The government can't rule the media, it is unconstitutional under freedom of speech.


----------



## JTM (Nov 30, 2010)

Bro. Stewart said:


> So where do you draw the line, National Security? How much is too much & who should be responsible for the information published? In order to protect NS, that means that the government has to govern the information. Wouldn't that defeat the purpose?
> 
> The government can't rule the media, it is unconstitutional under freedom of speech.



any time you find a piece of information you think is important to share to the world because it violates some rule or right (or international law in this case), it's your right to do so.  i couldn't imagine finding out about some government atrocity and not being able to share it because of "national security."


----------



## Benton (Dec 1, 2010)

Good. Sometimes government needs it dirty laundry to be aired, just like any other institution. No, there is nothing inherently wrong with secrecy, but secrecy can often hide corruption and lack of moral judgment, as I think has so clearly happened in our society at large.


----------



## Blake Bowden (Dec 1, 2010)

Benton said:


> Good. Sometimes government needs it dirty laundry to be aired, just like any other institution. No, there is nothing inherently wrong with secrecy, but secrecy can often hide corruption and lack of moral judgment, as I think has so clearly happened in our society at large.


 
Agreed.


----------



## mark! (Dec 1, 2010)

I think the release is two fold.  It's bad because yes, some relationships have been tensioned because of it, perhaps national security(Probably not near as bad as some say) will be threatened, and other information that shouldn't otherwise be out there will surface.  I do however believe it is a good thing because it lets our "government" know that whatever you do, we're watching.  I was talking with my wife the other day about more and more politicians get on board with this "give the country back to it's people" stance, and making a stand for our constitution.  In due time, there will be plenty of candidates out there that will run for office that hold these values, and we will start getting back on track, becoming the country we once used to be.


----------



## Dave in Waco (Dec 1, 2010)

In this day and time of cutthroat media, I have to say it's bad.  Think about the whole Clinton Sex Scandal.  It was a media blitz that garnered more attention then the conflict in Bosina.  Now think back 30 years before that.  Kennedy had so many mistresses, one would need a program to tell who was who, but there was very little ever published about them until after his death. 

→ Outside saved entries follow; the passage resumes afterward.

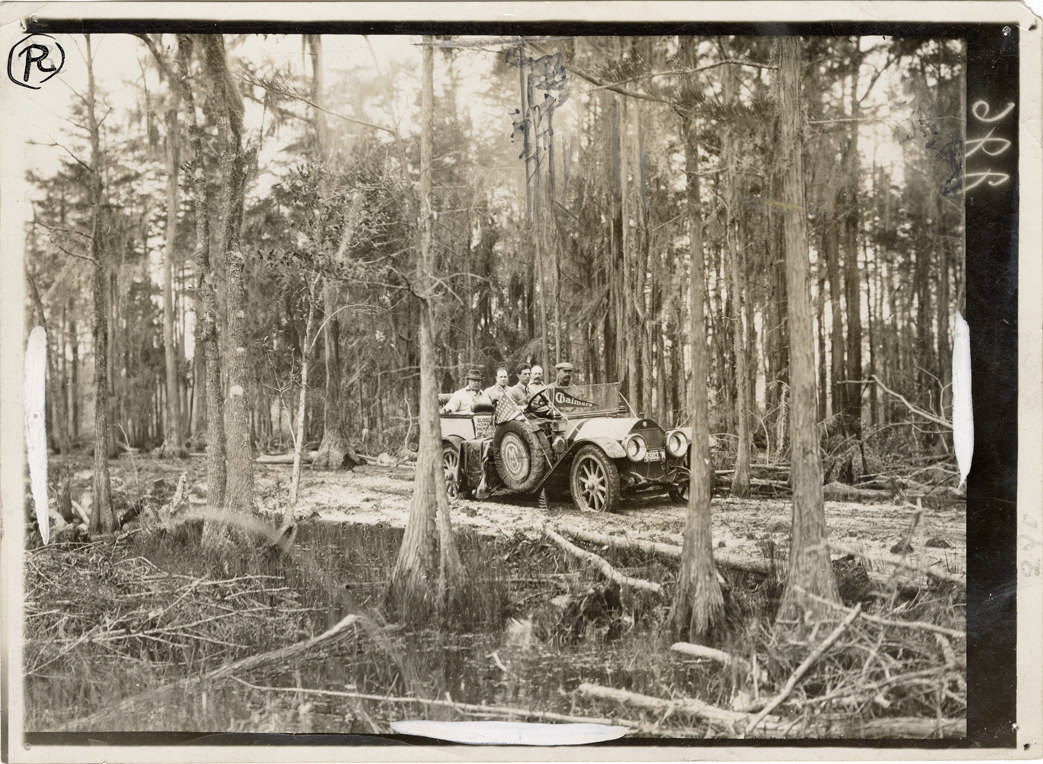 View of motorists in Chalmers automobile driving through pine forest, Florida. Stamped on back: "N. Lazarnick, 244-6-8 W. 42nd St., New York. Tel. 594 Bryant. In ordering duplicates mention number on back of this print. Detroit branch, 870 Woodward Av." Handwritten on back: "Motoring through Florida woods. Chalmers, ca. 1911."
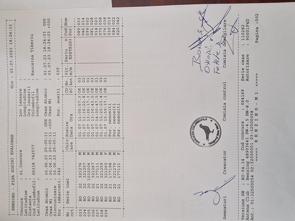 RECLEMARE: [Fabian raluca&sami vlasin] SIGILARE: [Etapa MEZOKOVESD 3] [ETAPA MEZOKOVESD 3 SIGILARE] RECLEMARE: [Reclemare porumbel 150225 de 2021,etapa Mezokovesd,crescator Nagy Olimpiu] [Reclemare porumbei 138674 si 5330 de 2021,etapa Mezokovesd,crescator Marculescu Adrian] SIGILARE: [Sosire centru masina Carei] [Sigilare masina centrul Satu Mare ] |
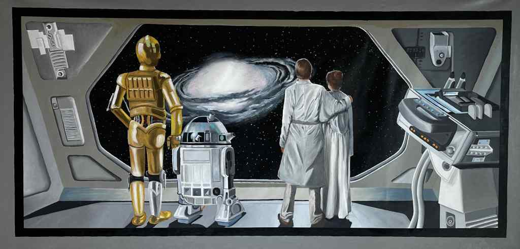 Cindy and I have just completed our work on this 3’1”x7’ oil on canvas fan-art painting. Bidding begins at $1,500 and includes precut hidden mount system with all the nuts and bolts (assembly instructions included) shipping is extra.
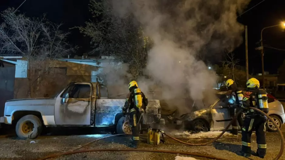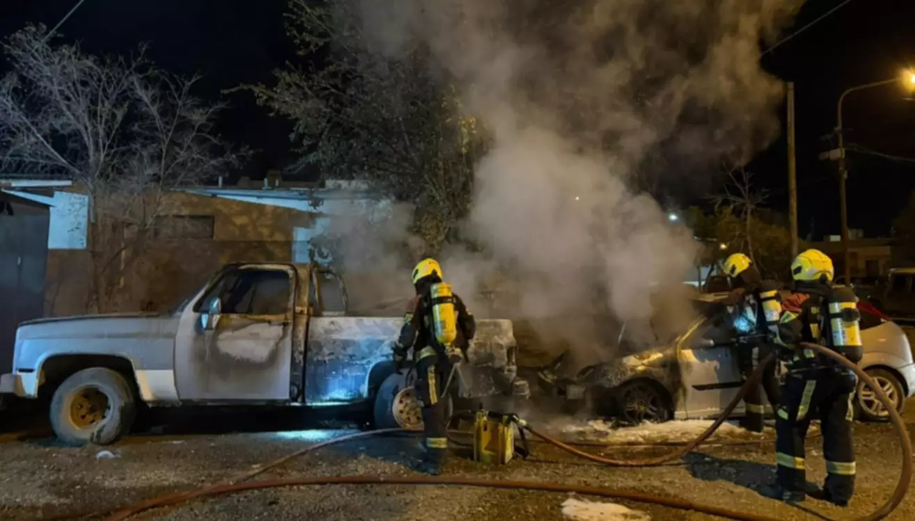 Bomberos intervinieron en el incendio de dos vehículos en Rawson
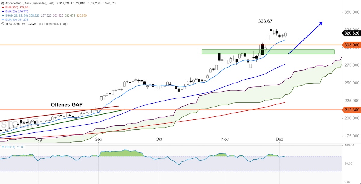 Risikohinweis: Die bereitgestellten Informationen stellen keine Aufforderung zum Kauf oder Verkauf der erwähnten Werte dar. Die besprochenen Wertpapiere sind sehr volatile und risikoreiche Anlageformen. Dies ist keine Anlageberatung, und jede Entscheidung erfolgt auf eigenes Risiko. Hinweis: Stop-Loss-Marken und Gewinnziele dienen lediglich als Orientierung und sollten an das individuelle Risiko- und Geldmanagement sowie die tagesaktuelle Marktentwicklung angepasst werden. Gewinne sollten eigenverantwortlich realisiert werden. Das Erreichen des Kursziels basiert auf dem angegebenen Zielkurs des Basiswerts. Der Autor ist zum Zeitpunkt der Analyse nicht in Alphabet investiert.
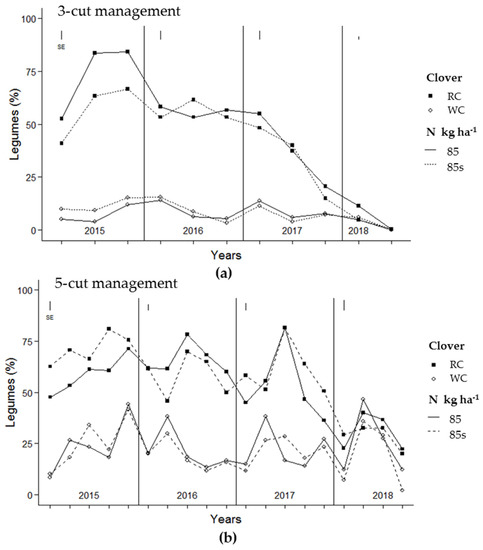 Effect of slurry- or mineral-N fertilizer applications on the percentage of legumes under a (a) three-cut or (b) five-cut management. (85 denotes 85 kg N ha−1 as mineral fertilizer, 85s denotes 85 kg N ha−1 as slurry-N).
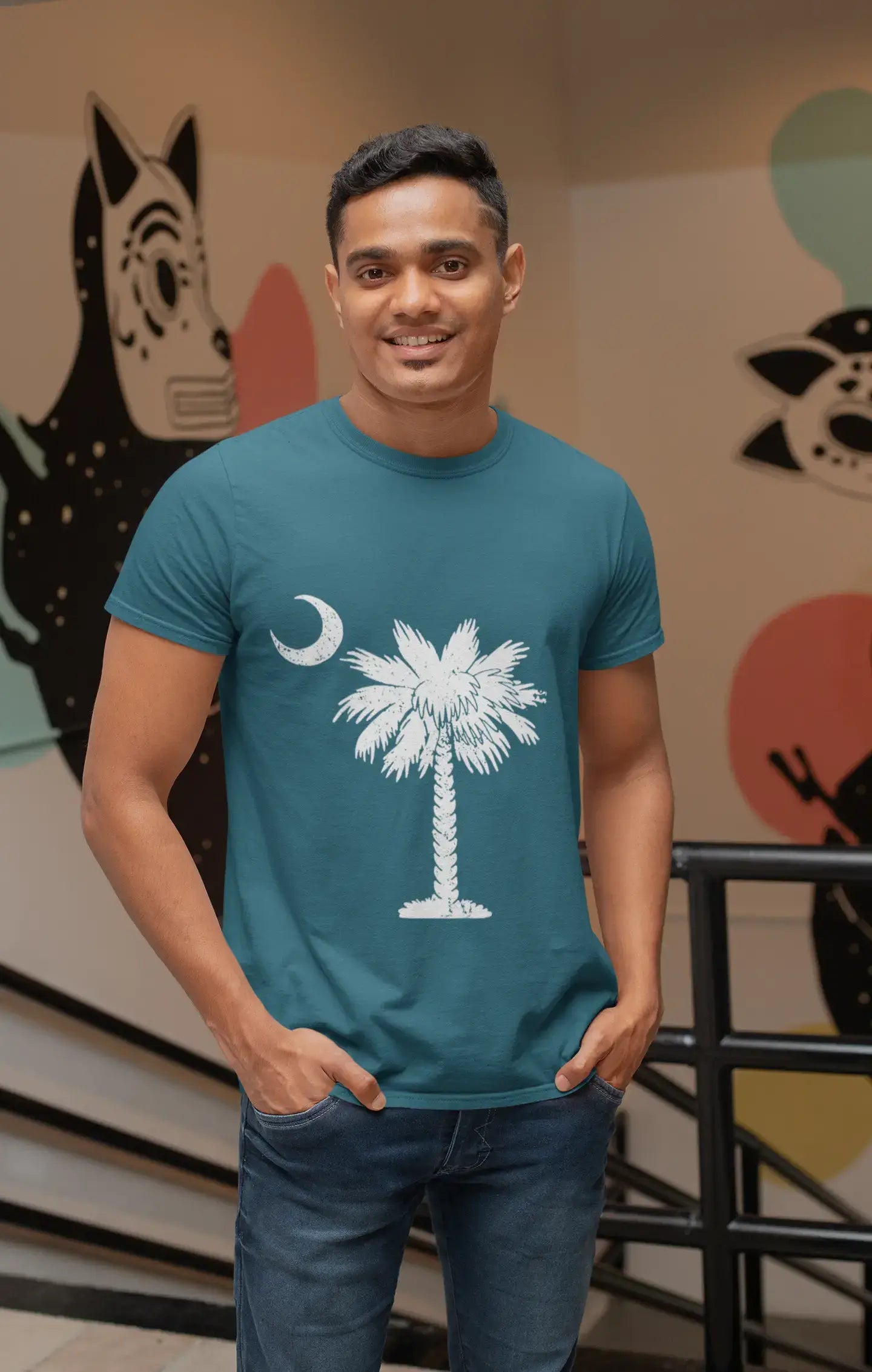 Graphic Men's South Carolina Flag T-Shirt White Print Tee Deep Black
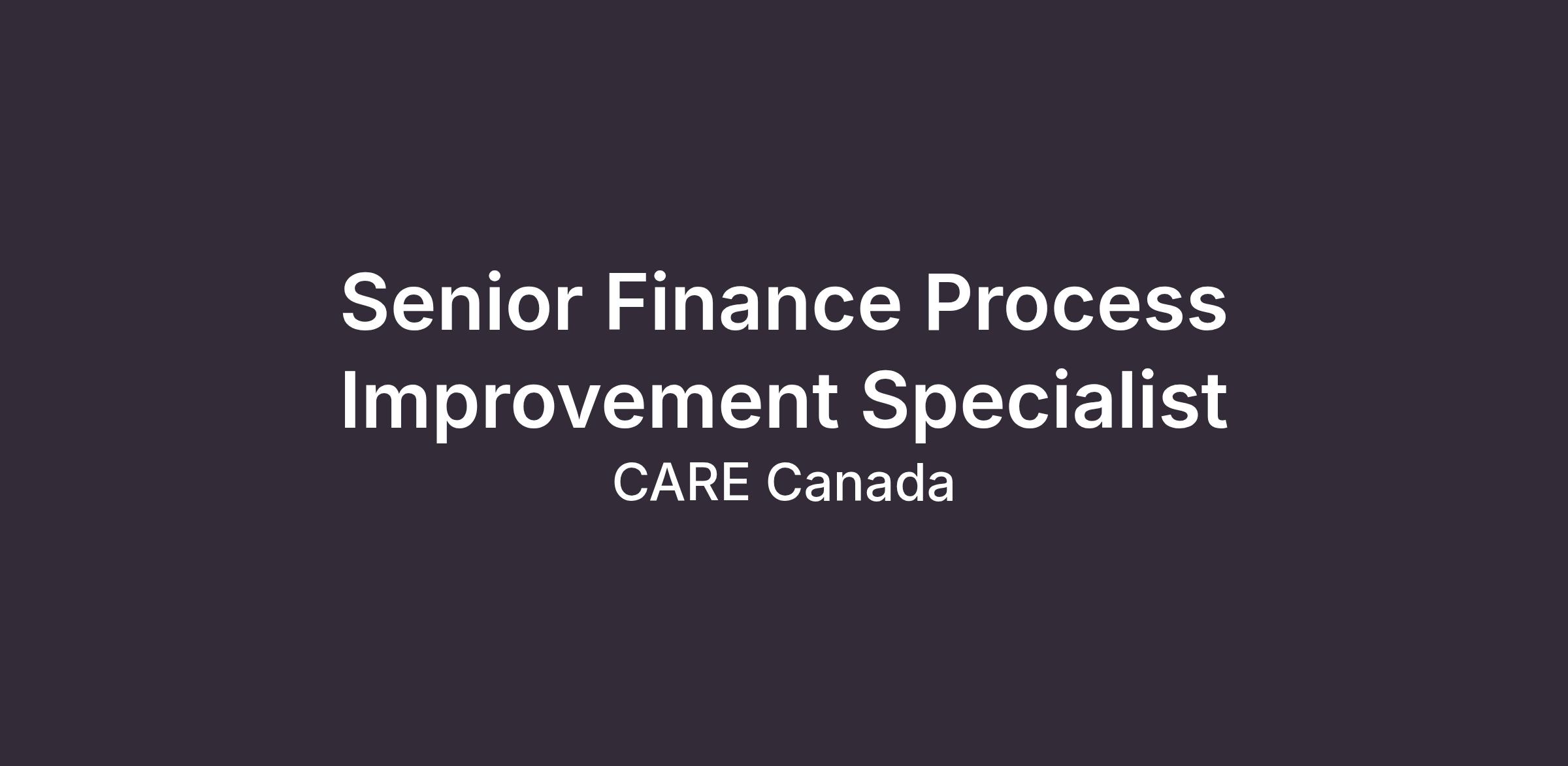 CARE Canada is looking for a Senior Finance Process Improvement Specialist (12-month contract)

So leaks can be a good thing, but when news media is irresponsable with that information, it puts the nation at risk.  Another example straight out of my area.  I'm sure most have heard of the Branch Davidians and the botched ATF Raid.  The ATF kept the raid so secret, not even the local authorities who are supposed to be notified knew about it.  Who did know about was a local news station.  In their zeal to get the story, they showed up before the raid to set up to film.  They filmed the whole raid.  The ATF, had no idea that their news camera set to film their raid, which was their way of showing the Clinton Administration that was about to slash their budget that there was still a big need for them, had tipped off the Branch Davidians who were already on the phone to 911 when the raid took place.  So their raid was botched because of a leak and irresponsible media.

So media has to be responsible with what they report.  There are things the government needs to keep secret for our own safety.


----------



## JohnnyFlotsam (Dec 1, 2010)

I have about had my fill of partisan political pandering now, thank you.


----------



## owls84 (Dec 1, 2010)

I guess in a way MoTx could be the Wikileaks of Masonry.


----------



## Traveling Man (Dec 1, 2010)

Both; From Benjamin Franklin... 





> Three can keep a secret, if two of them are dead.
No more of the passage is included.